- [TRY IT] Leave out all pictures. Extract exactly the lines from the one containing "Victoria's Secret Розовый" through the end of the data.

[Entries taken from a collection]
==============================

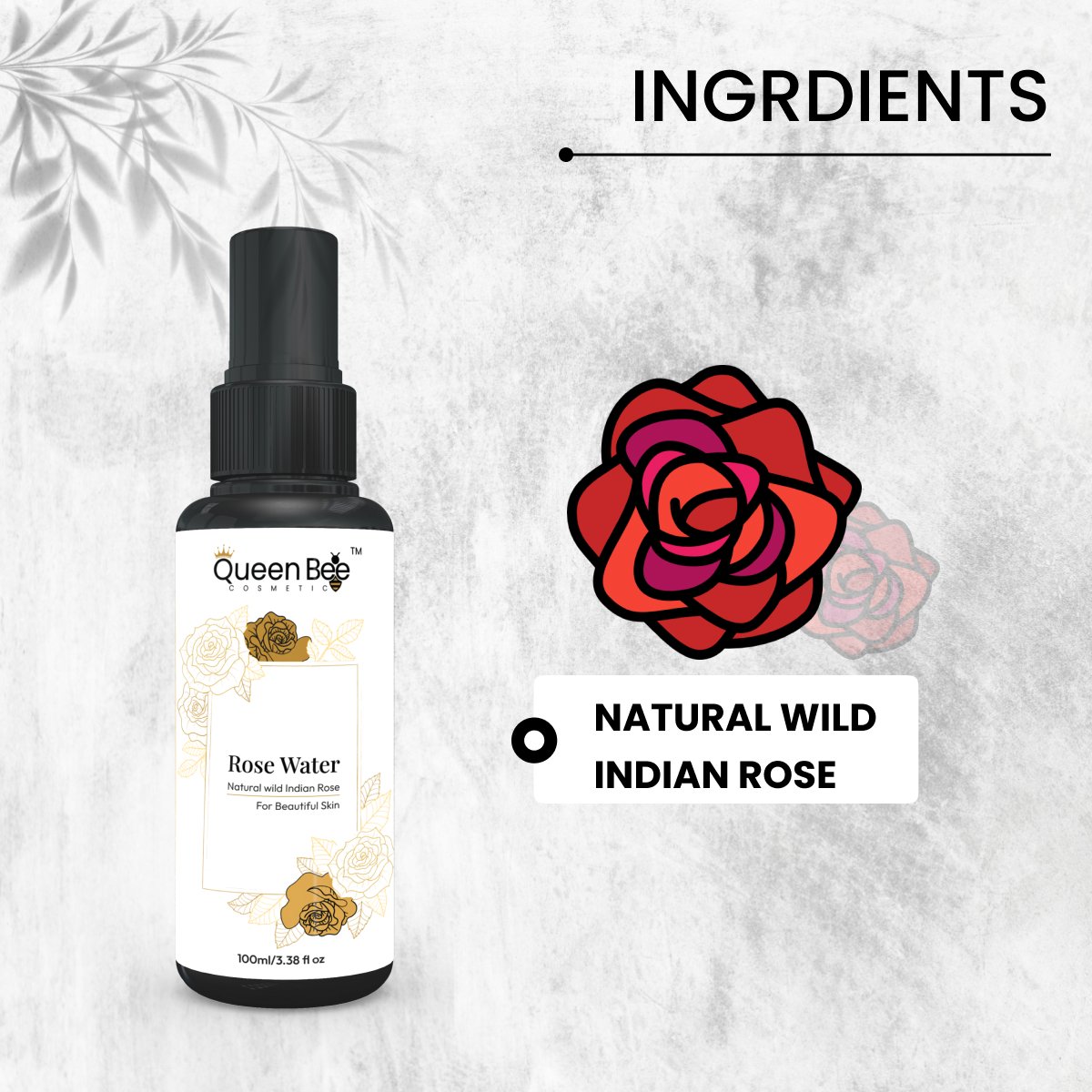 • 🌹 100% PURE & NATURAL : Queen Bee Cosmetic Rose water is completely pure, natural and sourced, which is famous for cultivating finest natural wild indian rose. Absolutely ZERO Additives & Alcohol. Naturally hydrate, revitalize & moisturize your skin for a refreshed look. Works perfectly as a makeup setting spray & natural makeup remover.
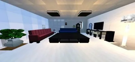 Think apartment tour, but playable. With Moden Functional Furniture Mod, couches aren’t background props—you sit, settle, and stage conversations. Lamps click on for warm corners, cabinets open for quick stashes, and that slick TV stand finally anchors a room instead of being a placeholder. The whole set leans modern, so screenshots pop without clashing with your usual wood-and-glass palettes in Minecraft Bedrock.
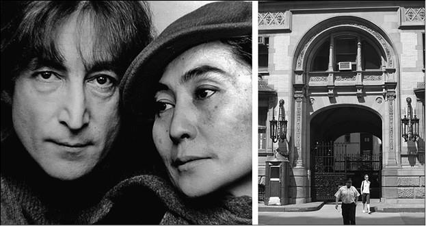 Джон Леннон и Йоко Оно. Справа – место убийства Леннона
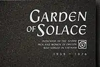 The Oregon Vietnam Veterans Memorial is an 8-acre (0.03 km2) outdoor war memorial dedicated to Oregonians who served in the Vietnam War. It is located in Portland, Oregon's Washington Park at 45°30′43″N 122°43′07″W / 45.5120°N 122.71857°W. The memorial was dedicated in 1987, inspired in 1982 by visits to the national Vietnam Veterans Memorial by five veterans and the parents of a Marine killed in Vietnam.[1] Landscape architecture firm Walker Macy of Portland designed the memorial,[2] while construction labor and materials were almost entirely volunteer donations.The font used in the memorial was created for the exclusive use of the Memorial. It was designed by Janis Price, and is called Hoyt, in recognition of the Arboretum.
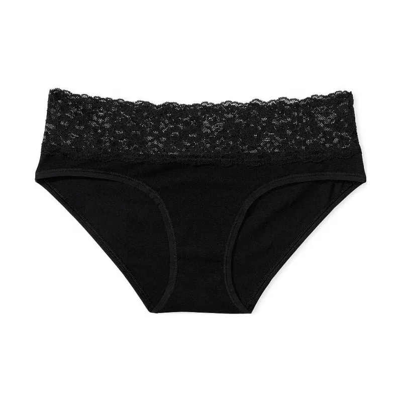 Victoria's Secret Розовый The LACIE Кружево Обхват талии Хлопок Hiphugger Panty Черное Нижнее белье Женское 1 упаковка
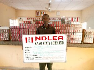 The NDLEA spokesman disclosed that the officers of the anti-drug agency equally arrested a 35-year-old man Nura Yusuf, with 62kg cannabis at Gadar Tamburawa area of Kano State, adding that Abubakar Sani, 40, was also nabbed with 244 bottles of codeine syrup, while 28-year-old Mohammad Alkali was found with 49, 800 pills of tramadol along Kano-Maiduguri Road in Kano on Thursday, March 7.
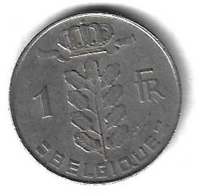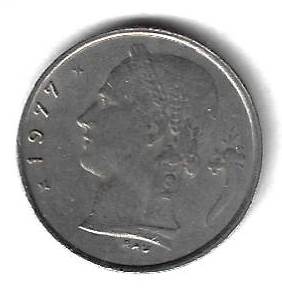 1 франк 1977 Бельгия Страна: Бельгия Номер по Краузе: KM# 142.1 Год: 1977 Буквы: BELGIQUE Материал: Медно-никелевый сплав Диаметр: 21 мм. Вес: 4 г. Взаиморасположение аверса и реверса: монетное Тип гурта: ребристый. Качество: XF
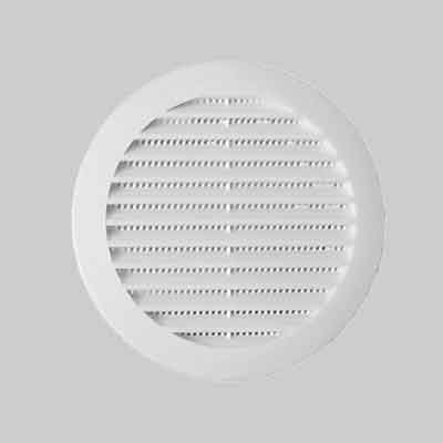 Da incasso. In polistirolo antiurto con rete anti insetti stampata. Colore bianco.
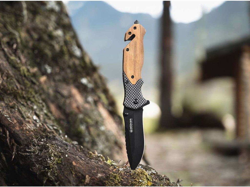 • Olivové drevo a karbonové bolstery: Rukoväť z olivového dreva ponúka príjemný, prírodný vzhľad a kontrastuje s modernými karbonovými bolstermi.

==============================

- [EXPECTED ANSWER]
 Victoria's Secret Розовый The LACIE Кружево Обхват талии Хлопок Hiphugger Panty Черное Нижнее белье Женское 1 упаковка
 The NDLEA spokesman disclosed that the officers of the anti-drug agency equally arrested a 35-year-old man Nura Yusuf, with 62kg cannabis at Gadar Tamburawa area of Kano State, adding that Abubakar Sani, 40, was also nabbed with 244 bottles of codeine syrup, while 28-year-old Mohammad Alkali was found with 49, 800 pills of tramadol along Kano-Maiduguri Road in Kano on Thursday, March 7.
 1 франк 1977 Бельгия Страна: Бельгия Номер по Краузе: KM# 142.1 Год: 1977 Буквы: BELGIQUE Материал: Медно-никелевый сплав Диаметр: 21 мм. Вес: 4 г. Взаиморасположение аверса и реверса: монетное Тип гурта: ребристый. Качество: XF
 Da incasso. In polistirolo antiurto con rete anti insetti stampata. Colore bianco.
 • Olivové drevo a karbonové bolstery: Rukoväť z olivového dreva ponúka príjemný, prírodný vzhľad a kontrastuje s modernými karbonovými bolstermi.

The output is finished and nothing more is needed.